START Data provided
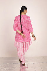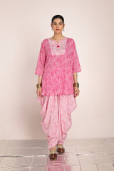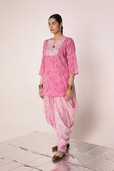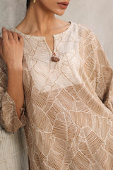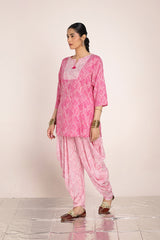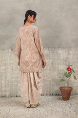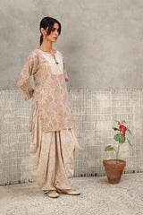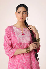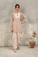 A subtly printed, easy-fit kurta featuring a round neckline with a V-slit, adorned with delicate tassel details. Paired with a color-coordinated printed patiala shalwar, this ensemble blends effortless charm with a touch of tradition and contemporary style.
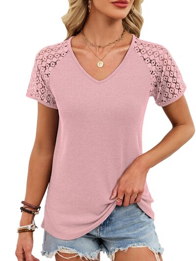 Lace Sleeve V-Neck Waffle Knit T-Shirt
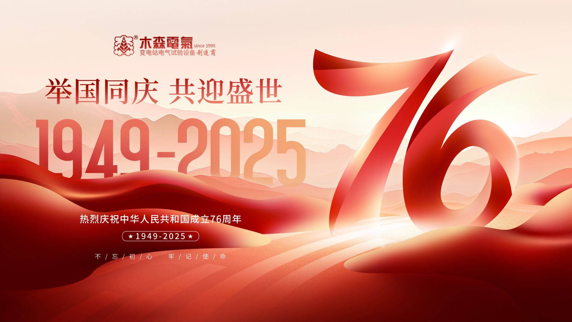 ??七十六載風(fēng)華正茂,九州方圓燈火輝煌。?? 值此中華人民共和國(guó)成立76周年國(guó)慶佳節(jié)來(lái)臨之際,武漢市木森電氣有限公司攜全體員工,向長(zhǎng)期以來(lái)信賴(lài)與支持我司發(fā)展的各級(jí)電力單位、行業(yè)伙伴與廣大客戶(hù),致以最崇高的敬意和最誠(chéng)摯的節(jié)日祝福!
END Data provided
**Required action:** Omit the pictures, then copy out all the data exactly as it stands.

**Solution for this problem:**
 A subtly printed, easy-fit kurta featuring a round neckline with a V-slit, adorned with delicate tassel details. Paired with a color-coordinated printed patiala shalwar, this ensemble blends effortless charm with a touch of tradition and contemporary style.
 Lace Sleeve V-Neck Waffle Knit T-Shirt
 ??七十六載風(fēng)華正茂,九州方圓燈火輝煌。?? 值此中華人民共和國(guó)成立76周年國(guó)慶佳節(jié)來(lái)臨之際,武漢市木森電氣有限公司攜全體員工,向長(zhǎng)期以來(lái)信賴(lài)與支持我司發(fā)展的各級(jí)電力單位、行業(yè)伙伴與廣大客戶(hù),致以最崇高的敬意和最誠(chéng)摯的節(jié)日祝福!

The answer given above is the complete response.